(LISTED RECORDS Opens)

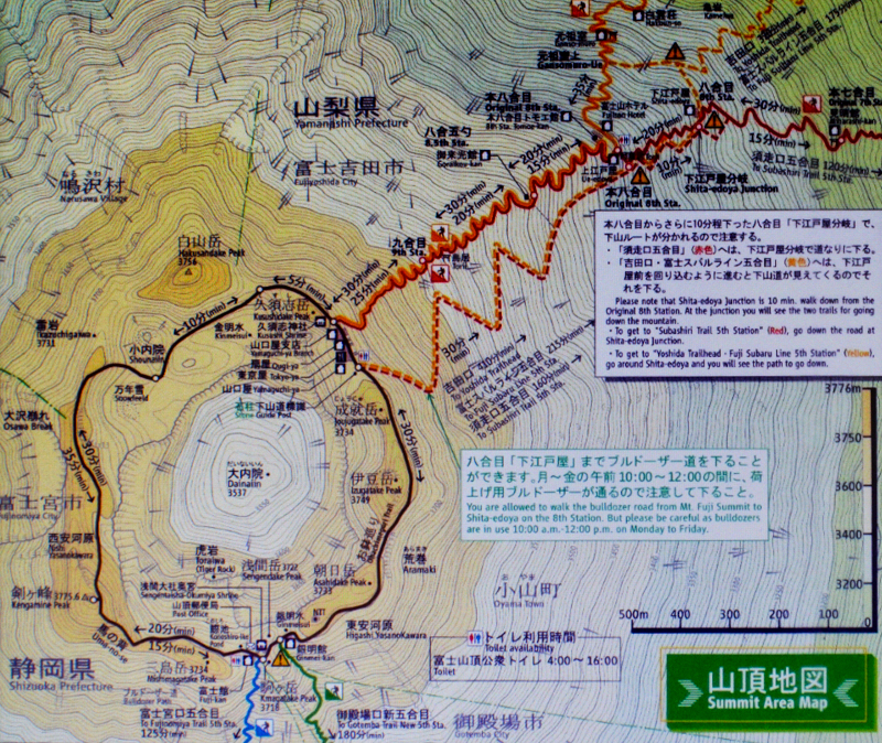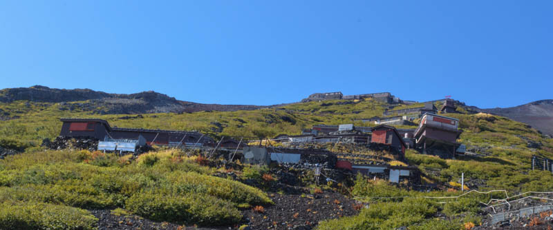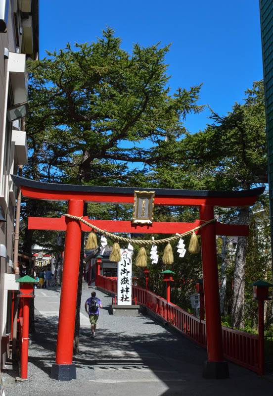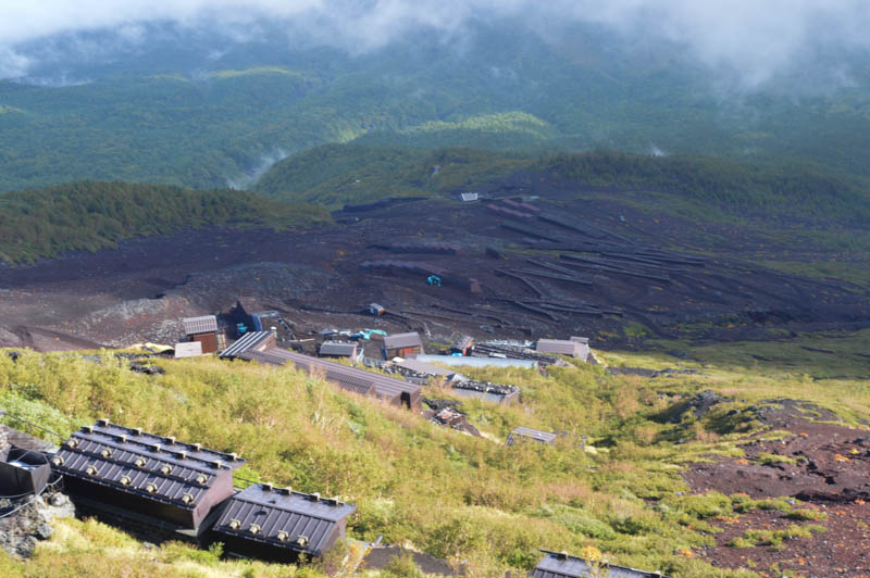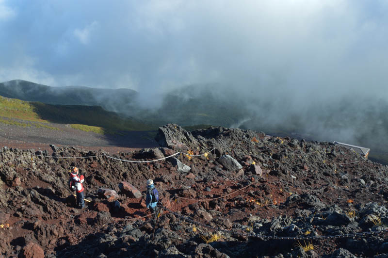 Kawaguchiko is a small town and also the starting point to the Fuji Five Lakes or Fujigoko in the Mt Fuji National Park. At the station, there were hive of activities. The day was warm and humid. No views of Mt Fuji though. We refuelled with some noodles and caught a bus to Kawaguchiko Fifth Station. It is midway as the summit is the tenth station. The easy access by road meant we saved a good five hours trek. At 2300m, it was cool with fine views of the reddish volcanic Mt Fuji’s summit. Scattered huts clung onto steep slopes. A vague trail was visible. The lowers slopes were planted with pine. A thick layer of clouds hung low below the station obstructing views of the lakes and towns dotted around Fuji’s wide base. With a quick lunch, and prayer around the nearby Komitake Shirne, we began our trek. We were excited but apprehensive. It is the off season and only one hut remained open on its last day. We left the Fifth Station, which by now had swelled with tourist and tours buses, at around 1pm. It was hot but pleasant with a blue sky. Perfect weather to walk I thought. Now this compact station was crowded with a mix of local and foreign tourist whom had arrived by the bus loads. Traffic was heavy. We were glad to leave.
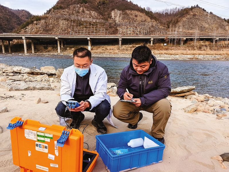 12月8日,在過風(fēng)樓鎮(zhèn)丹江河畔,市生態(tài)環(huán)境局商南縣分局監(jiān)測(cè)站的工作人員在采集水樣,現(xiàn)場(chǎng)初步檢測(cè)分析該水域環(huán)境狀況。
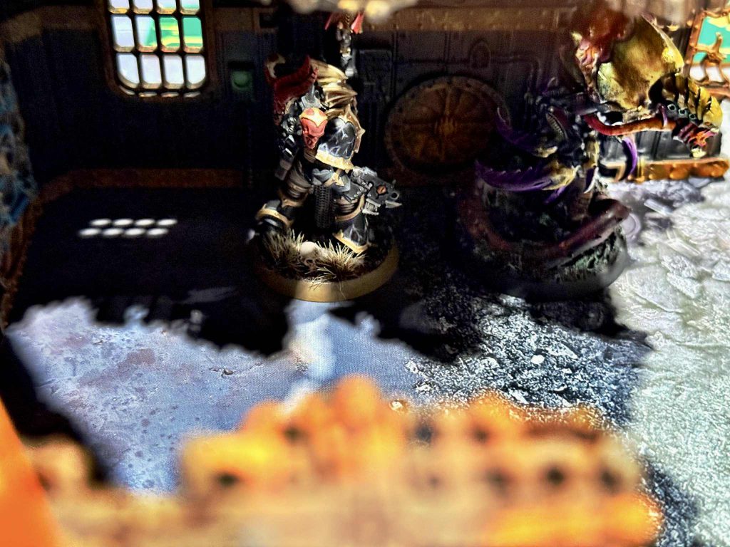 I win initiative, and make a big charge into the Gunner, killing it and then bouncing into his Breacher with Proclivity for Murder. I can stall his fallback for at least one turn, and already Robert’s on the backfoot here. His Aegis takes care of the Screecher handily, but turning around to do so prevents his Aegis from scoring Envoy. From here, I just need to keep up the pressure and make sure he doesn’t get the chance to recover. Even one Deathwatch operative can do a ton of damage real quick if they catch you out.
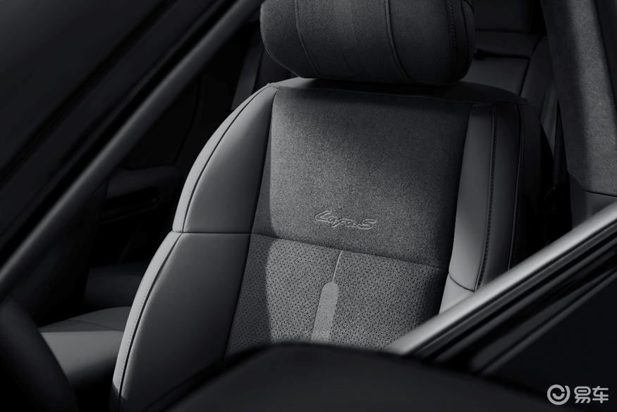 2. 用料:竞速灰版采用5.54 m²仿麂皮超纤绒+Nappa全粒面真皮拼接,座椅赛道纹理+Lafa5专属烫印;
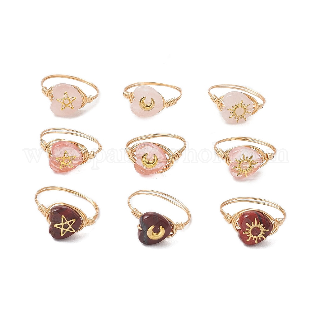 Кольца из латуни и вишневого кварца, розового кварца, натуральной красной радужной яшмы для женщин, сердце/ звезда/ луна/ солнце
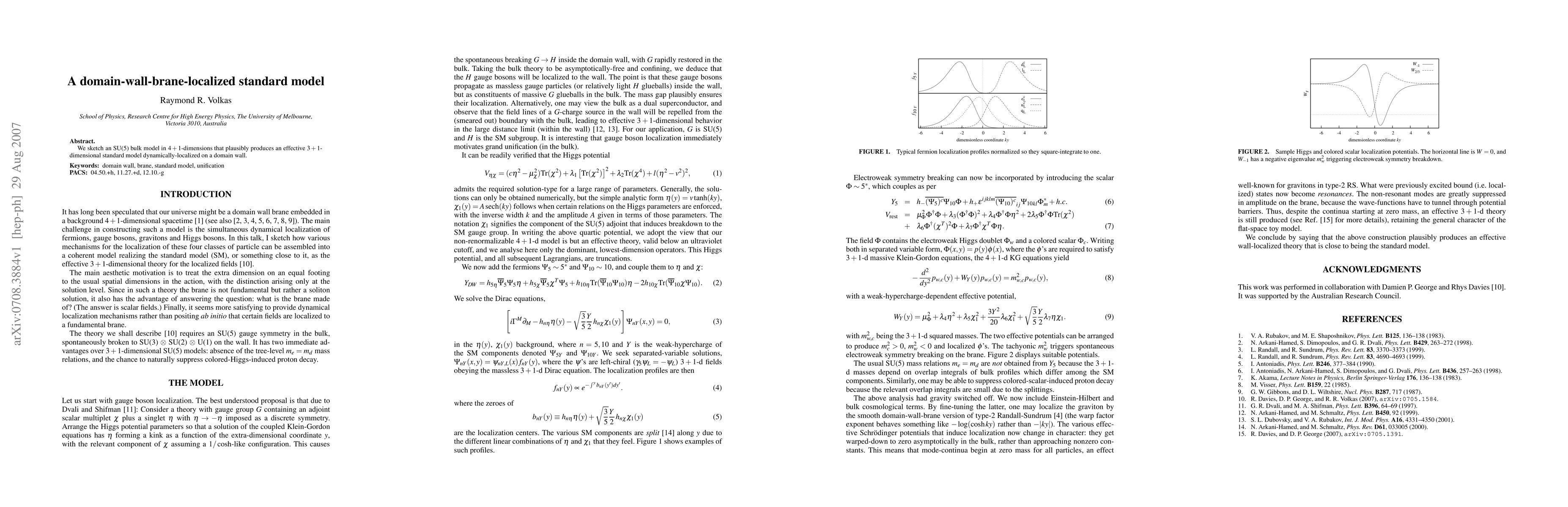 We sketch an SU(5) bulk model in 4+1-dimensions that plausibly produces an effective 3+1-dimensional standard model dynamically-localized on a domain wall.
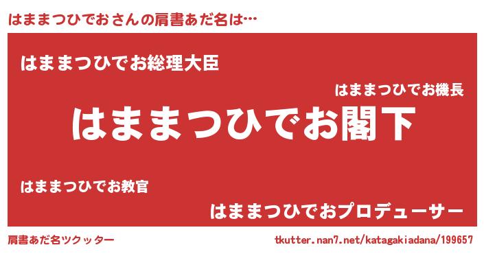 | 男性向けラノベタイトル風あだ名 | 『Re:はままつひでおから始める異世界生活』 |
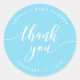 Gracias pegatina que presenta las palabras "gracias" en un libreto cursivo relajante en blanco contra un fondo azul pastel. Personalízalo reemplazando el texto del marcador de posición. Para obtener más opciones como cambiar el tipo de letra y su tamaño/color, expanda la curva /contract o el espaciado entre letras haga clic en el botón "Personalizar". *Tenga en cuenta que la marca de agua Zazzle que aparece en la vista previa del zoom NO aparecerá en el producto impreso final. © Rosewood y Citrus
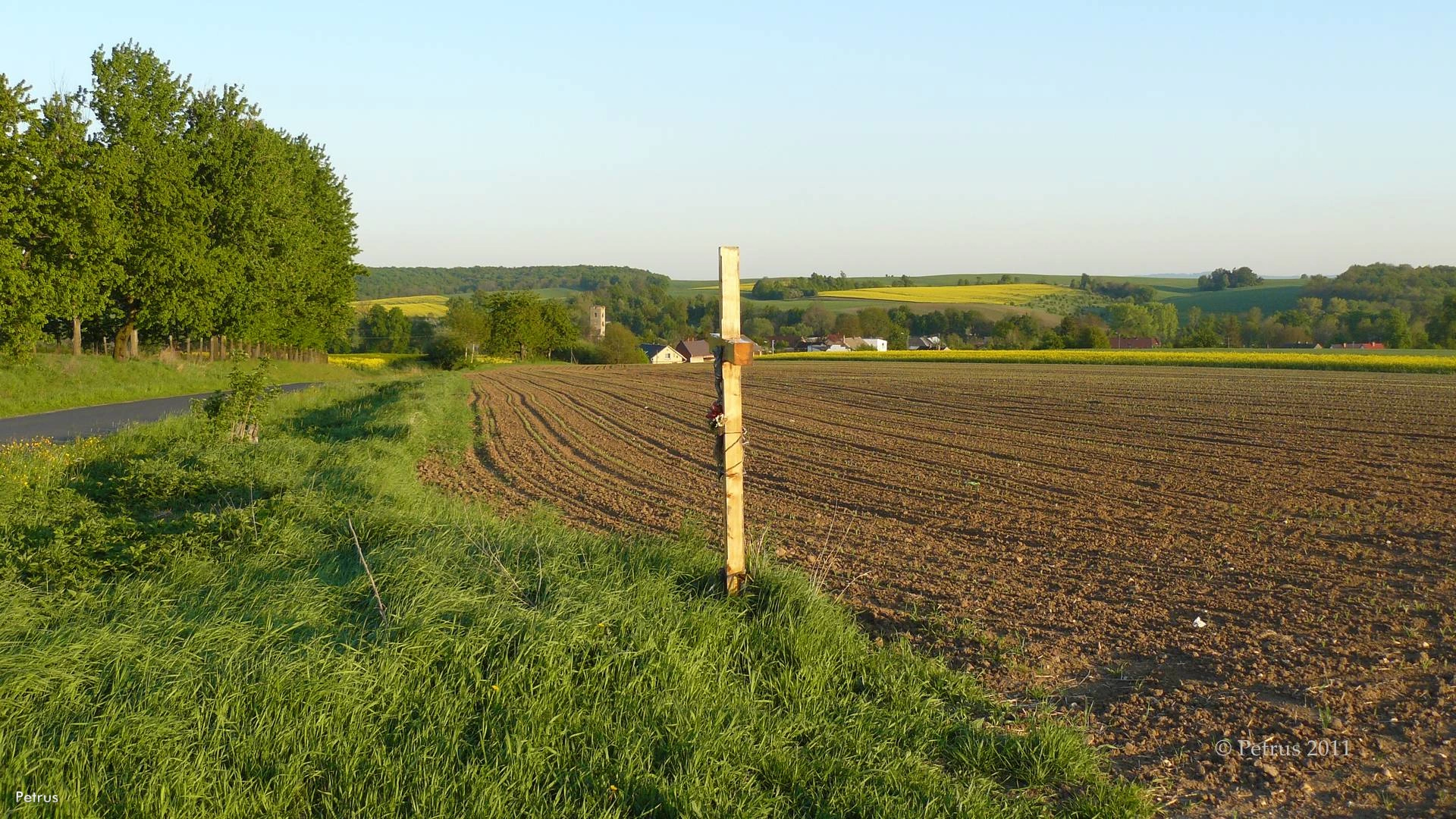 maj 2011 , Drewniany krzyż przy drodze do Dzierżysławia, na północy wioski. W tym miejscu dawniej stał wiatrakSkomentuj zdjęcie |
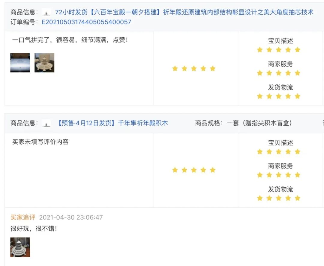 如果你喜欢拼积木,相信也会和他们一样,能享受一波专心致志的闲暇时间,感受到拼装的乐趣。这次,我们直接找到了品牌方,帮大家搞到了五一限时特价。祈年殿彩色版,官方价格1099元,平时做活动都要卖899。再返价值90元的优惠券礼包(优惠券可以在商城内使用。订单完成后,请联系商城客服领取)。趁着这次活动,有计划送礼物的朋友们,这波不要再错过咯。对于一个 800+ 片,直径长半米的大型积木来说(相比于某积木品牌),这个价格,其实不算贵。更何况,榫卯结构的天坛祈年殿彩色纪念版,可以说相当特别了。
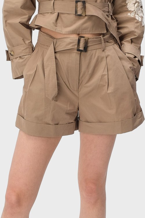Детали: Женские коричневые шорты из полиэстера и хлопка от Ermanno Ermanno Scervino (Эрманно Эрманно Шервино). Короткие рукава, высокая посадка, застежка на молнию и пуговицу, петли в поясе для ремня, пояс в тон изделия, прорезные карманы, модель с отворотом
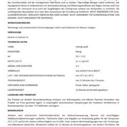 Arbeiten nach technischem Sicherheitsdatenblatt, der Gebrauchsanleitung, NORMen und einschlägigen Arbeitsschutzvorschriften ausführen. Technische Daten und Angaben zur Anwendung gelten für die Temperatur 25°C ± 2°C und für die relative Luftfeuchtigkeit von 55-60%. Unter anderen Wetterbedingungen kann die Trocknungs- und Abbindezeit abweichen. Mindestens haltbar bis 12 Monate ab Herstellungsdatum. Vor Kindern fernhalten. Bei Berührung mit den Augen sofort gründlich mit Wasser ausspülen und Arztkonsultieren. Der Produzent haftet nicht für Schäden als Folge anwendungstechnischer Fehler. Vor Gebrauch die speziellen Einsatzbedingungen aufmerksam durchlesen. Bei Fragen lassen Sie sich bitte vom Hersteller beraten. HINWEIS: Nur restentleerte und gesäuberte Gebinde zum Recycling geben! Vor Gebrauch das Sicherheitsdatenblatt und das technische Merkblatt für dieses Produkt genau durchlesen.
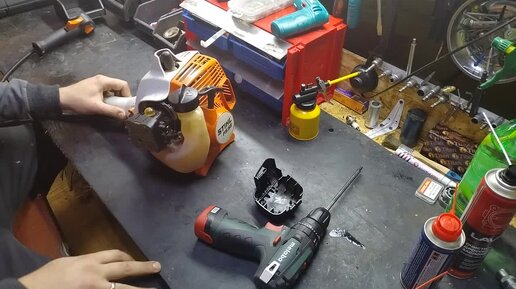 Бензокоса STIHL FS 55,ремонт и регулировка карбюратора,Глохнет при нажатии на газ
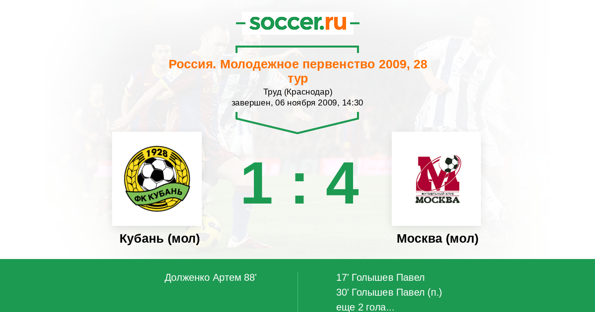 Протокол матча Кубань (мол) против Москва (мол)

(LISTED RECORDS Closes)

TRY IT:
Exclude the images and reproduce the remaining data exactly.

TASK SOLUTION:
 Kawaguchiko is a small town and also the starting point to the Fuji Five Lakes or Fujigoko in the Mt Fuji National Park. At the station, there were hive of activities. The day was warm and humid. No views of Mt Fuji though. We refuelled with some noodles and caught a bus to Kawaguchiko Fifth Station. It is midway as the summit is the tenth station. The easy access by road meant we saved a good five hours trek. At 2300m, it was cool with fine views of the reddish volcanic Mt Fuji’s summit. Scattered huts clung onto steep slopes. A vague trail was visible. The lowers slopes were planted with pine. A thick layer of clouds hung low below the station obstructing views of the lakes and towns dotted around Fuji’s wide base. With a quick lunch, and prayer around the nearby Komitake Shirne, we began our trek. We were excited but apprehensive. It is the off season and only one hut remained open on its last day. We left the Fifth Station, which by now had swelled with tourist and tours buses, at around 1pm. It was hot but pleasant with a blue sky. Perfect weather to walk I thought. Now this compact station was crowded with a mix of local and foreign tourist whom had arrived by the bus loads. Traffic was heavy. We were glad to leave.
 12月8日,在過風(fēng)樓鎮(zhèn)丹江河畔,市生態(tài)環(huán)境局商南縣分局監(jiān)測(cè)站的工作人員在采集水樣,現(xiàn)場(chǎng)初步檢測(cè)分析該水域環(huán)境狀況。
 I win initiative, and make a big charge into the Gunner, killing it and then bouncing into his Breacher with Proclivity for Murder. I can stall his fallback for at least one turn, and already Robert’s on the backfoot here. His Aegis takes care of the Screecher handily, but turning around to do so prevents his Aegis from scoring Envoy. From here, I just need to keep up the pressure and make sure he doesn’t get the chance to recover. Even one Deathwatch operative can do a ton of damage real quick if they catch you out.
 2. 用料:竞速灰版采用5.54 m²仿麂皮超纤绒+Nappa全粒面真皮拼接,座椅赛道纹理+Lafa5专属烫印;
 Кольца из латуни и вишневого кварца, розового кварца, натуральной красной радужной яшмы для женщин, сердце/ звезда/ луна/ солнце
 We sketch an SU(5) bulk model in 4+1-dimensions that plausibly produces an effective 3+1-dimensional standard model dynamically-localized on a domain wall.
 | 男性向けラノベタイトル風あだ名 | 『Re:はままつひでおから始める異世界生活』 |
 Gracias pegatina que presenta las palabras "gracias" en un libreto cursivo relajante en blanco contra un fondo azul pastel. Personalízalo reemplazando el texto del marcador de posición. Para obtener más opciones como cambiar el tipo de letra y su tamaño/color, expanda la curva /contract o el espaciado entre letras haga clic en el botón "Personalizar". *Tenga en cuenta que la marca de agua Zazzle que aparece en la vista previa del zoom NO aparecerá en el producto impreso final. © Rosewood y Citrus
 maj 2011 , Drewniany krzyż przy drodze do Dzierżysławia, na północy wioski. W tym miejscu dawniej stał wiatrakSkomentuj zdjęcie |
 如果你喜欢拼积木,相信也会和他们一样,能享受一波专心致志的闲暇时间,感受到拼装的乐趣。这次,我们直接找到了品牌方,帮大家搞到了五一限时特价。祈年殿彩色版,官方价格1099元,平时做活动都要卖899。再返价值90元的优惠券礼包(优惠券可以在商城内使用。订单完成后,请联系商城客服领取)。趁着这次活动,有计划送礼物的朋友们,这波不要再错过咯。对于一个 800+ 片,直径长半米的大型积木来说(相比于某积木品牌),这个价格,其实不算贵。更何况,榫卯结构的天坛祈年殿彩色纪念版,可以说相当特别了。
Детали: Женские коричневые шорты из полиэстера и хлопка от Ermanno Ermanno Scervino (Эрманно Эрманно Шервино). Короткие рукава, высокая посадка, застежка на молнию и пуговицу, петли в поясе для ремня, пояс в тон изделия, прорезные карманы, модель с отворотом
 Arbeiten nach technischem Sicherheitsdatenblatt, der Gebrauchsanleitung, NORMen und einschlägigen Arbeitsschutzvorschriften ausführen. Technische Daten und Angaben zur Anwendung gelten für die Temperatur 25°C ± 2°C und für die relative Luftfeuchtigkeit von 55-60%. Unter anderen Wetterbedingungen kann die Trocknungs- und Abbindezeit abweichen. Mindestens haltbar bis 12 Monate ab Herstellungsdatum. Vor Kindern fernhalten. Bei Berührung mit den Augen sofort gründlich mit Wasser ausspülen und Arztkonsultieren. Der Produzent haftet nicht für Schäden als Folge anwendungstechnischer Fehler. Vor Gebrauch die speziellen Einsatzbedingungen aufmerksam durchlesen. Bei Fragen lassen Sie sich bitte vom Hersteller beraten. HINWEIS: Nur restentleerte und gesäuberte Gebinde zum Recycling geben! Vor Gebrauch das Sicherheitsdatenblatt und das technische Merkblatt für dieses Produkt genau durchlesen.
 Бензокоса STIHL FS 55,ремонт и регулировка карбюратора,Глохнет при нажатии на газ
 Протокол матча Кубань (мол) против Москва (мол)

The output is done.